PONTIAC, Mich. - The man acquitted in the death of Trooper Chad Wolf is now caught up in a new legal battle.
Last week, Charles Warren was cleared of reckless driving and leaving the scene of the accident that killed Wolf.
Now he's being asked to pay tens of thousands of dollars to get his vehicle back.
Warren's car and trailer are stored at Area Towing lot in Taylor. They've been there since the 2015 accident. But when Warren tried to get his car back, he was slapped with a bill of more than $26,000.
Last week, a jury acquitted Warren in the wrongful death of Wolf.

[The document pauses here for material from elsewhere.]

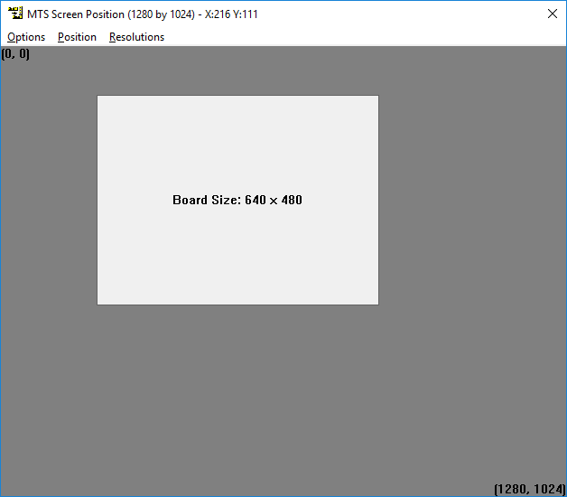 When you click on the "..." next to the Top/Left position, a Screen Position window will open to provide a visual tool for setting the opening screen position. By default, the current screen resolution is used - for targets with different screen resolutions or layouts, use the Options and Resolutions menus.

The jury found Warren accidentally hit the trooper, knocking him off his police motorcycle before dragging him for miles on his Volkswagen and trailer.
"You can't force him to accept a bill of $26,000," Warren's attorney, Neil Rockind, said.
But that's what expected. Area Towing's receipt shows it charged Warren for the original tow and a storage fee of $40 a day for 644 days. Rockind argues Warren has no responsibility for that fee.
"People who are acquitted of crimes -- found not guilty -- are released of any all obligations associated with their case," Rockind said.
Rockind said Area Towing believes the law is on their side, citing a statute where a reasonable storage fee falls on the car's owner.
Local 4 News reporter Jermont Terry went to the towing company to get their take on the bill but wasn't allowed inside.
He was told to call the owner, and did, but got no answer or response.
For now, it's seems Warren's legal battle isn't over. The question now is: Is the legal system going to protect someone who was acquitted of a crime?
Rockind filed a motion Wednesday asking the court to dismissed the fees, but each day the car and trailer sit at the lot, the invoice continues to climb.